- [AIM OF THE EXERCISE]: Leaving out the pictures, return word for word the stretch of entries below from the line holding "أكياس الطبخ البطيئة" through the line holding "Ενόψει της Παγκόσμιας".

- [INPUT MATERIAL]:
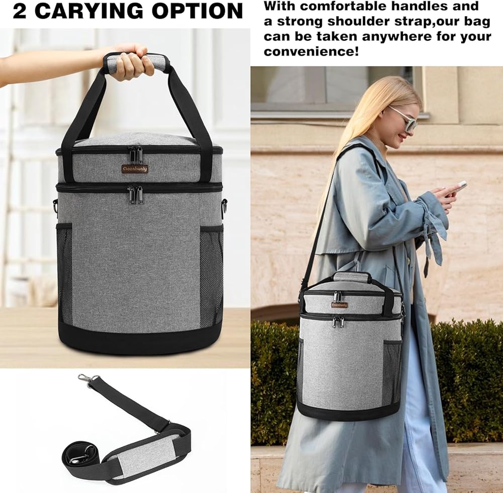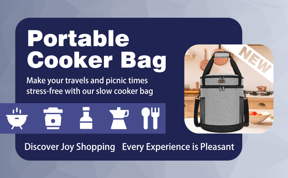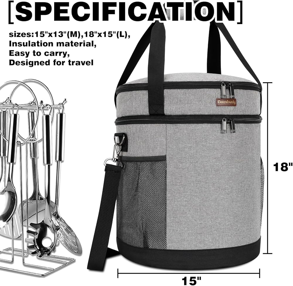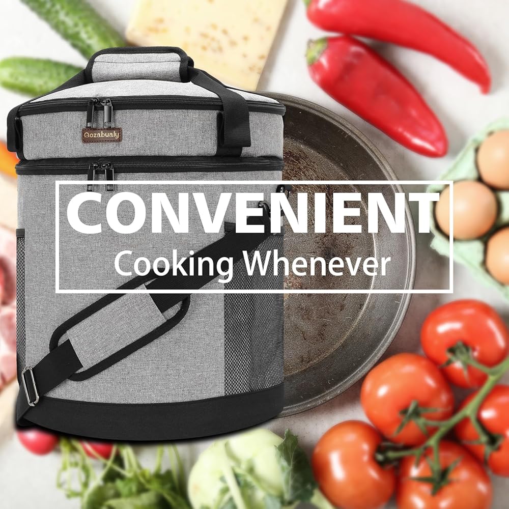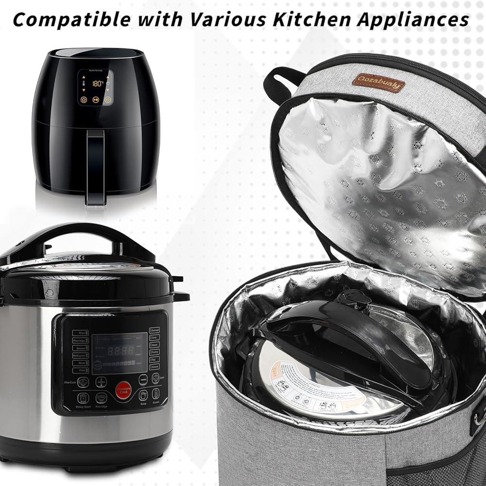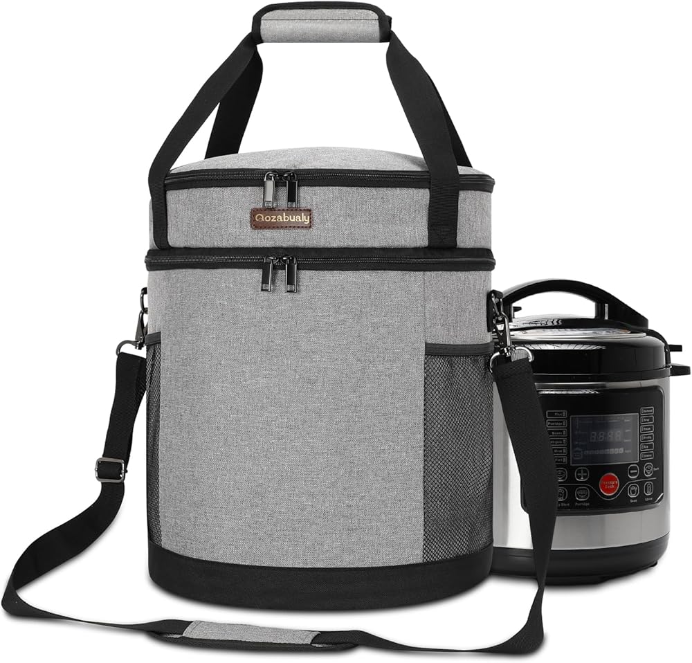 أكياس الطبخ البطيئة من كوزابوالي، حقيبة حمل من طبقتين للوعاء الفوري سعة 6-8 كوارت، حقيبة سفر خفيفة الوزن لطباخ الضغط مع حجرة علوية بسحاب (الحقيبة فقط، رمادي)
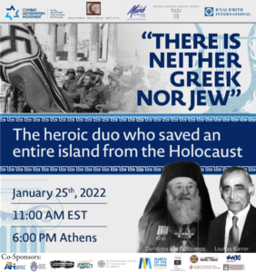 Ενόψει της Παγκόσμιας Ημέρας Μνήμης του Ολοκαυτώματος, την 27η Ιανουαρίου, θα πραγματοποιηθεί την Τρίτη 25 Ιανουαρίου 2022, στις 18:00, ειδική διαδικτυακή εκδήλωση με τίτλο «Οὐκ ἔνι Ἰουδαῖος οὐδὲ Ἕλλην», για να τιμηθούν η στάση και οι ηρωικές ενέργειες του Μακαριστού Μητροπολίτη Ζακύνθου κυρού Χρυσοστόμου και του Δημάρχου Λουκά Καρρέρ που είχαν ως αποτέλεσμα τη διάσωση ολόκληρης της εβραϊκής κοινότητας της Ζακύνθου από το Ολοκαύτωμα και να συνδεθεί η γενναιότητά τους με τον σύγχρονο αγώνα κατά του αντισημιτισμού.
...
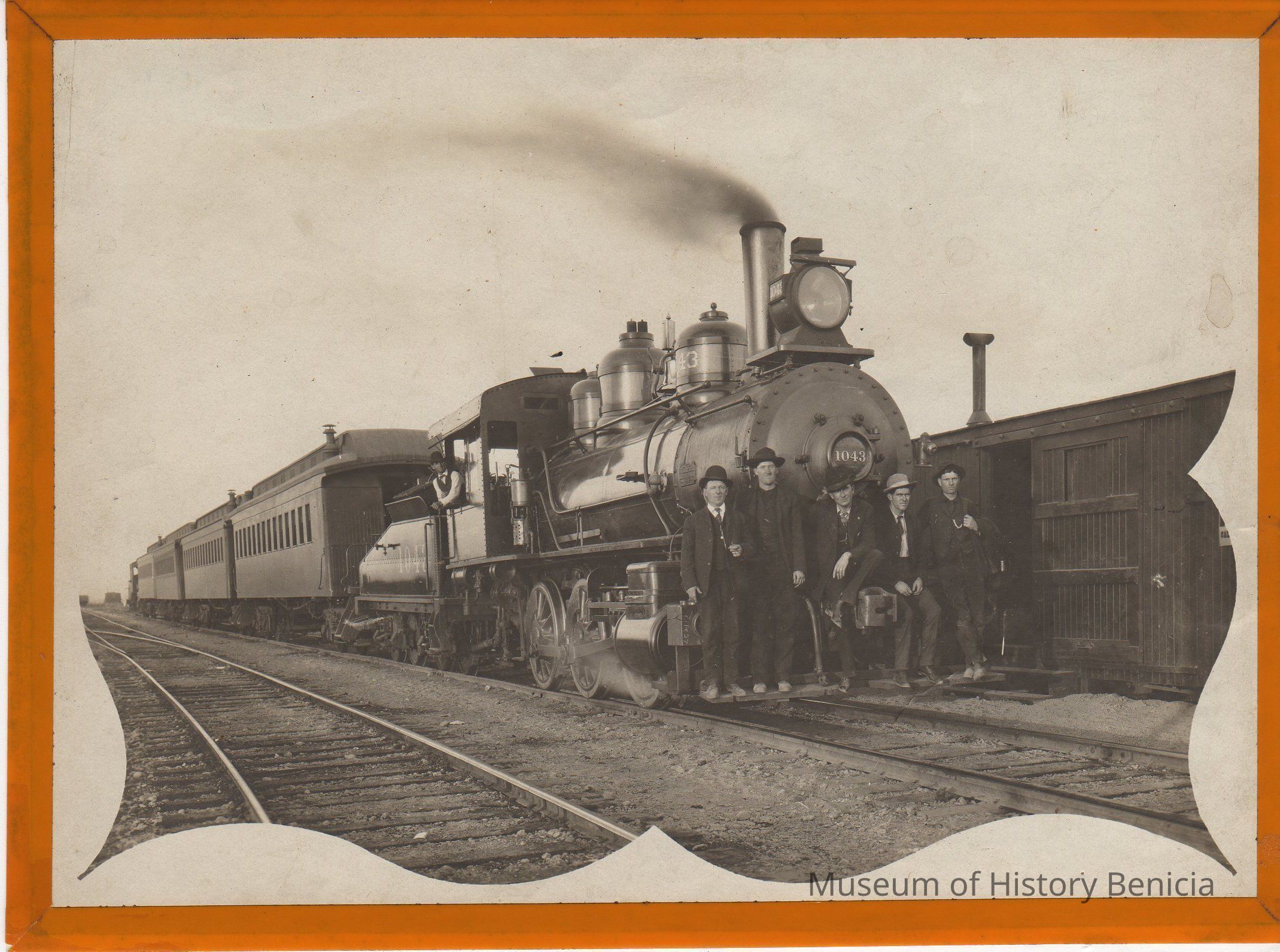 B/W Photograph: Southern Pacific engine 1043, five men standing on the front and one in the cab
==
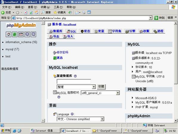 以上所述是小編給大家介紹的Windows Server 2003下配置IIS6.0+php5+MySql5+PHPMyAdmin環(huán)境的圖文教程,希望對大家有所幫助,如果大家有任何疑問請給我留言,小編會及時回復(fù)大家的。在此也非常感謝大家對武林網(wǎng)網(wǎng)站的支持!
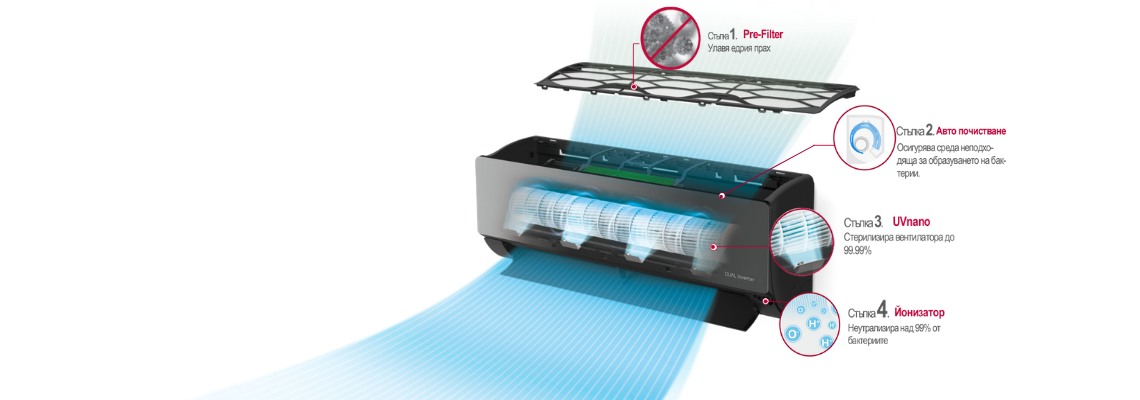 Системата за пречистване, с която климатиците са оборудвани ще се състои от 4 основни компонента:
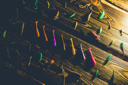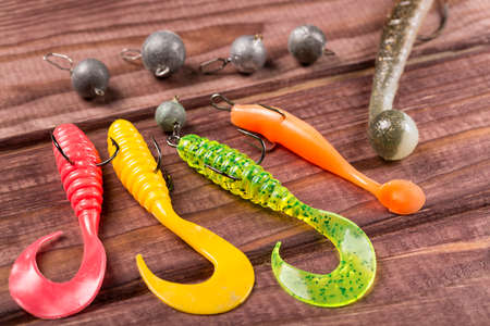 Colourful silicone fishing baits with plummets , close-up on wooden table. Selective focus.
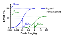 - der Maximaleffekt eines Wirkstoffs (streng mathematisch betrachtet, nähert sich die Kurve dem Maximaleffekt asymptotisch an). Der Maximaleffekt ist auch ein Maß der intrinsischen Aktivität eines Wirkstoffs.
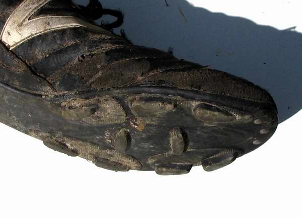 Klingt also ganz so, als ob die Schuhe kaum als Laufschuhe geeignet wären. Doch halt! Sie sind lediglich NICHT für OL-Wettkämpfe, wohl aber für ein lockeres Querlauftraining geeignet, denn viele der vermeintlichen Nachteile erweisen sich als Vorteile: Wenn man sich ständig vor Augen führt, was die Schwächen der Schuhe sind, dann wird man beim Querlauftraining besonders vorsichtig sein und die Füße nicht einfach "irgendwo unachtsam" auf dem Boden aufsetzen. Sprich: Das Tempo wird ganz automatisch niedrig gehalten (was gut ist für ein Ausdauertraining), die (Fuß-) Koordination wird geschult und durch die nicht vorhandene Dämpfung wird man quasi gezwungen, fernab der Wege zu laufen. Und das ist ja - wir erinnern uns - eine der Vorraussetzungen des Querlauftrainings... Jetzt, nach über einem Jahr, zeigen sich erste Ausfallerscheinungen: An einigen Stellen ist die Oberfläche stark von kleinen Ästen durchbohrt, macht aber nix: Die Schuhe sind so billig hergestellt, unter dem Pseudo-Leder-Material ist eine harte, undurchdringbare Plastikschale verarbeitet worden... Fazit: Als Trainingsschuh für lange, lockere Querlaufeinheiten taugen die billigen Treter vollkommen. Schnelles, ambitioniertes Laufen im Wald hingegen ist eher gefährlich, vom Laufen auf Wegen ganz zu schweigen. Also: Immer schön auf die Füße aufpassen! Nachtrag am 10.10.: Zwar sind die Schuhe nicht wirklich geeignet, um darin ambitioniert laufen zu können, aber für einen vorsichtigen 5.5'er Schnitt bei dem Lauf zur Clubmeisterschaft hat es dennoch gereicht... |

- [ANSWER TO THIS PROBLEM]:
 أكياس الطبخ البطيئة من كوزابوالي، حقيبة حمل من طبقتين للوعاء الفوري سعة 6-8 كوارت، حقيبة سفر خفيفة الوزن لطباخ الضغط مع حجرة علوية بسحاب (الحقيبة فقط، رمادي)
 Ενόψει της Παγκόσμιας Ημέρας Μνήμης του Ολοκαυτώματος, την 27η Ιανουαρίου, θα πραγματοποιηθεί την Τρίτη 25 Ιανουαρίου 2022, στις 18:00, ειδική διαδικτυακή εκδήλωση με τίτλο «Οὐκ ἔνι Ἰουδαῖος οὐδὲ Ἕλλην», για να τιμηθούν η στάση και οι ηρωικές ενέργειες του Μακαριστού Μητροπολίτη Ζακύνθου κυρού Χρυσοστόμου και του Δημάρχου Λουκά Καρρέρ που είχαν ως αποτέλεσμα τη διάσωση ολόκληρης της εβραϊκής κοινότητας της Ζακύνθου από το Ολοκαύτωμα και να συνδεθεί η γενναιότητά τους με τον σύγχρονο αγώνα κατά του αντισημιτισμού.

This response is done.